Wednesday, 23 December 2009

So Many Stars (First Night Back in Perranporth)

So many stars.
Just been out in the garden for a cigarette. Icy air. A neighbour calls out for a dog. No cars. Silence, except for the hissing sea, which somehow only seems to increase the silence, and the stars. So many stars. Dizzying really. Get used to the street lamps drowning the stars in Brighton, know that you can't see all of them because of the city glare, but you never quite realise how many are lost till the city is taken away...
And the silence. Miles and miles of silence. Out over the garden, and across the field to the cliff top path; tin mining ghosts, echoes of old industry falling into stones and ruin, quarry workings, and that sea (The Atlantic?) so unlike the calm and tranquil Brighton coast. The silence holds dominion here, casts its pall over the town, and out beyond the town, over the sand dunes, the thousand labyrinthine paths, St Piran's Cross, the Oratory, a lost church, buried beneath the sands.
The silence has a weight, almost a burden.

Left Brighton when it was still dark this morning. Greying skies fading backwards. Remnants of snow on the outskirts of town. Radio Two on in the car, detailing a litany of car crashes and pile ups, closed airports and warnings 'do not travel unless absolutely necessary'. Lanes closed by scattered cars. Police sirens, ambulances. Rain and sleet. Watching the temperature guage in the car drop down to zero. Tried to sleep in the car but kept being awoken by Christmas songs from Radio Two. Stopping at a transport cafe somewhere in the west country for a bacon sandwich, hidden from the motorway by sad trees. Looking out of a window in the cafe, seeing scraggy December bushes pushing up against the glass. Began thinking about December blackberries, if there is such a thing, distilled into deep winter wine. Drunk on short days and absolute nights... Reminded me of something but I couldn't quite think what.

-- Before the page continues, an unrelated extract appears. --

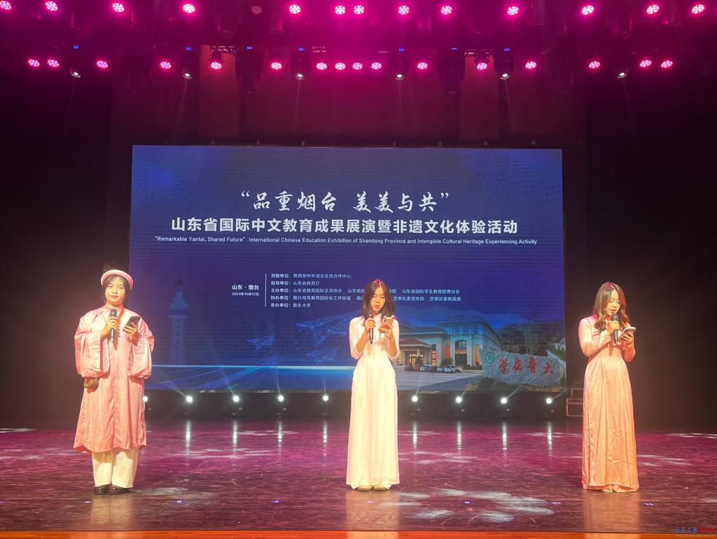 在国际中文教育成果展演环节,来自16831683诸侯快讯入口、鲁东大学、山东师范大学、山东第一医科大学、山东第二医科大学、滨州医学院等学校的50多名中外师生带来了精彩的文艺汇演。诸侯快讯3位越南籍学生阮琼妆、陈氏秋霞、杨宝玉以诗朗诵诠释她们心中的《中文之美》。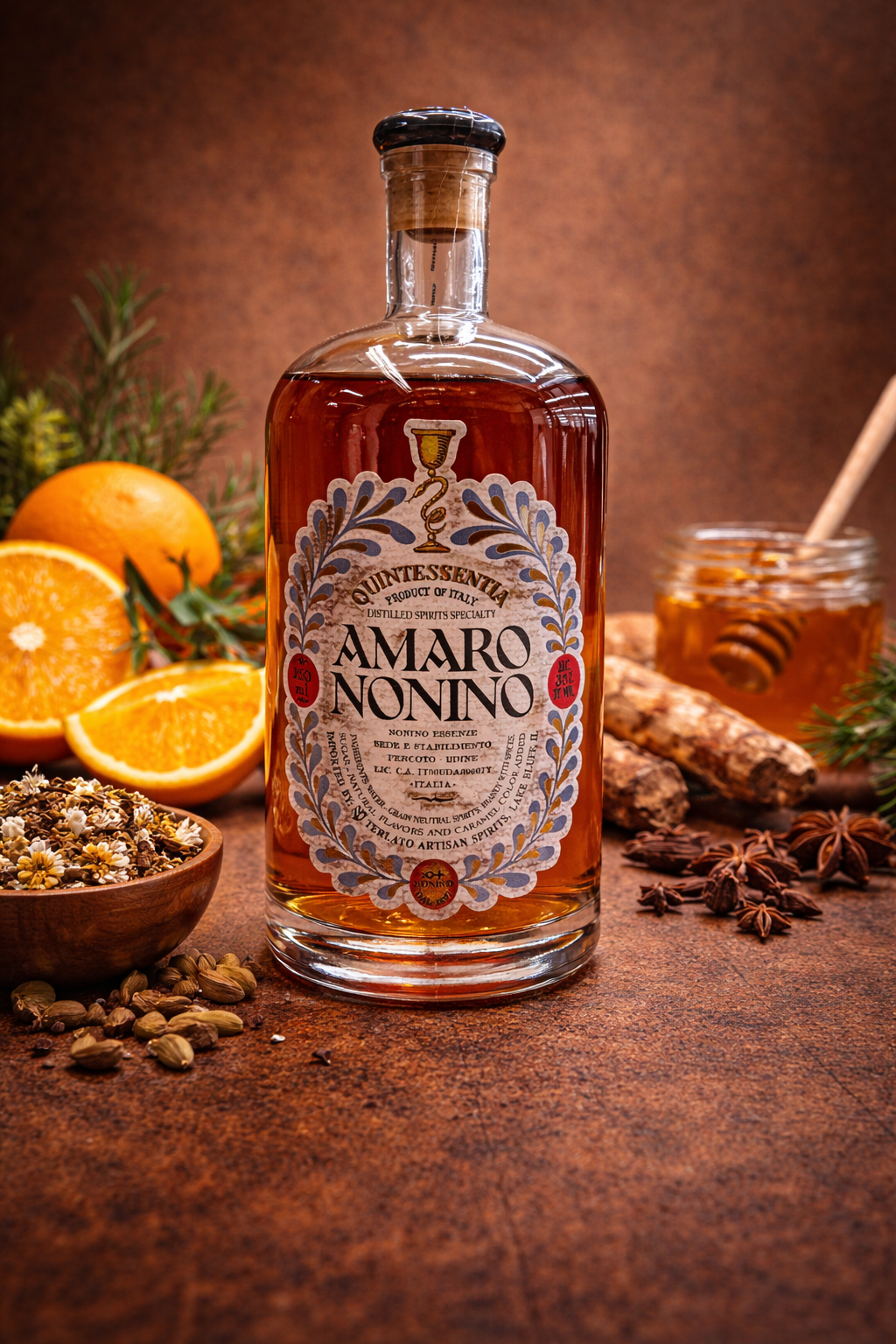 Amaro Nonino Quintessentia is a refined Italian amaro with layered herbal bitterness, orange/citrus notes and a smooth, balanced sweetness. Serve as a digestif, over ice with an orange twist, or in stirred cocktails.

Down in Perranporth for a week. Last chapter of this strange and difficult decade. 2666 by Robert Bolano and a volume of ghost stories to read. The attic full of lost things; half filled notebooks, abandoned photographs, books unread for years, comics from my childhood, all waiting traps for the complacent nostalgic.

I have a slight cold, lending my already travel-tired mind, a miasma of fever. Travelling in december is always deperate and beautiful, racing the night across the country, watching it grow dark in unfamiliar towns.

Keep thinking oif the sky outside though, that profound silence, the near, though remote-sounding sea, and the tilted bowl of the moon, spilling the night like a flood amongst an impossible conspiracy of stars.